With its five overlapping vegetation zones― the evergreen forest zone (up to 2,800 metres (9,200 ft)); the bamboo zone (2,800 to 3,300 metres (9,200 to 10,800 ft)); the heather zone (3,000 to 3,800 metres (9,800 to 12,500 ft)); the alpine zone (3,500 to 4,500 metres (11,500 to 14,800 ft)); and, the nival zone (4,400 to 5,000 metres (14,400 to 16,400 ft)), the Rwenzoris, offer tourists a better nature experience, consisting of 99,600 ha of alpine vegetation, most of it rare and or unique to the Rwenzoris.
At higher elevations, some plants reach an enormous size, such as the giant lobelia and groundsels, thus the term “Africa’s botanical big game.” The spectacular snow-capped peaks and glaciers, melt into fast-flowing rivers, which squeeze into V-shaped valleys and narrow gorges, emerging as magnificent waterfalls that feed the clear blue lakes that dot the surreal, boggy Afro-alpine moorlands downstream.

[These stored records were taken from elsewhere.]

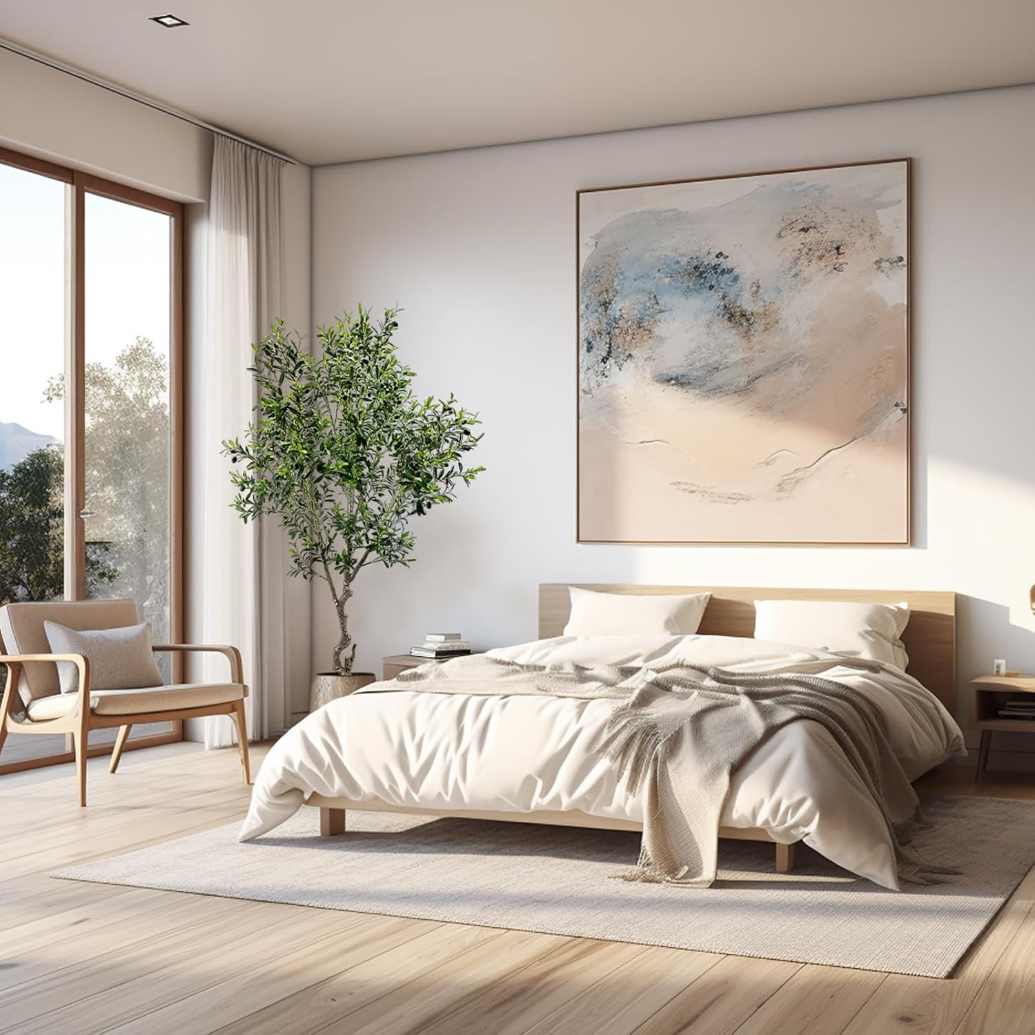 • 4. The olive tree is made of eco-friendly PE fabric and sturdy wire inside, no smell and no watering required. It will not fade when placed indoors and is baby and pet safe.
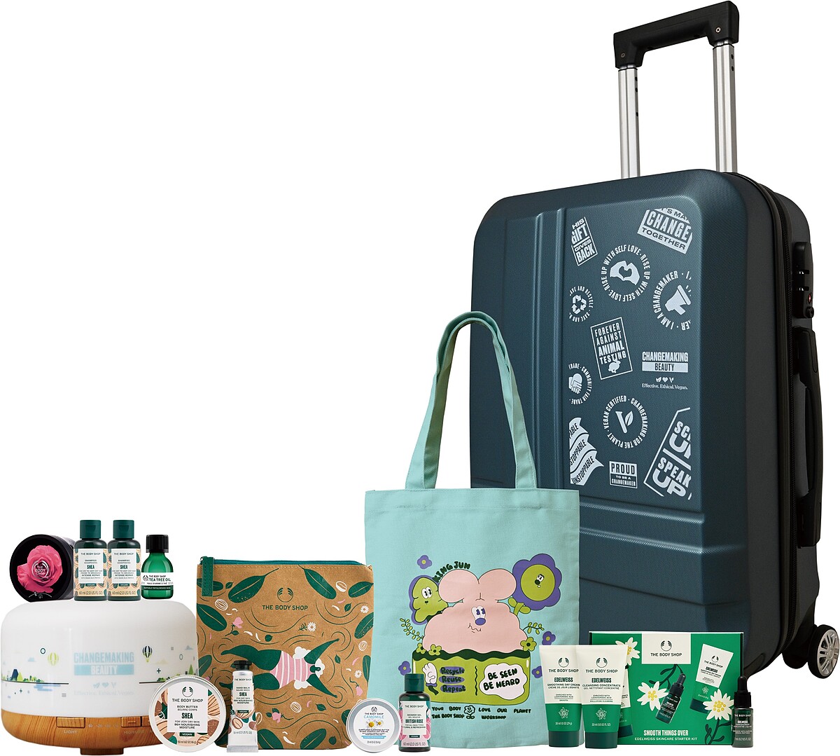 讓你買得多THE BODY SHOP也要讓你免費拿更多!今年週慶推出史上最有誠意滿額贈活動,最低門檻居然只要999,不只有明星商品旅行組,與插畫家KINGJUN限定聯名的獨家帆布袋,讓你在家香氛療癒的水氧機,還有超級大獎行李箱也要免費送給你!如果一個人戰力太弱,快約媽媽姐妹一起湊單,或順手幫男友也買好身體頭髮保養組,一起成為高顏值情侶吧!
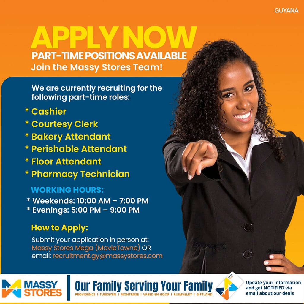 Submit your application in person at Massy Stores Mega (MovieTowne) OR email: recruitment.gy@massystores.com
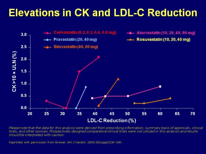 the occurrence of clinically relevant CK elevations with greater LDL-C
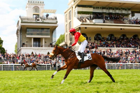 Le jockey ne fait plus qu'un avec sa monture (Flavien Prat)
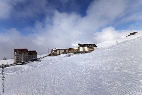 Houses and hotels on ski resort, view from ski slope
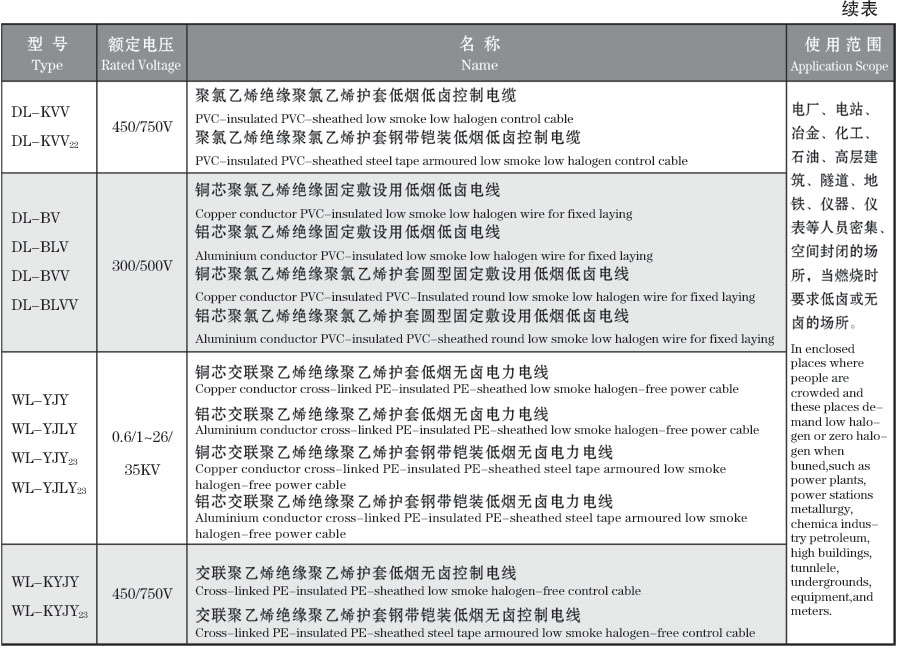 1、 电缆的额定电压、导体长期允许工作温度、电缆敷设高温度等应符合低卤、无卤要求相应产品的要求。

The montane forests that form the lower part of the mountains are also home to threatened species such as the African forest elephant, eastern chimpanzee, l’Hoest’s monkey and the very rare and endangered Rwenzori black-fronted duiker. The entire Rwenzori Mountains National Park- an expanse of nearly 100,000 ha is home to 70 mammals and 217 birds; 19 of which are endemic to the Albertine Rift.
Measuring 996km2 the park was gazetted in 1991 and was recognized as a World Heritage site in 1994 and Ramsar site in 2008.
Mt. Rwenzori was christened the “Mountains of the Moon” by the Alexandrine geographer Ptolemy in AD 150. The explorer Henry Stanley placed the Rwenzori on the map on May 24th 1888, labelling it ‘Ruwenzori’, a local name which he recorded as meaning “Rain-Maker” or “Cloud-King.”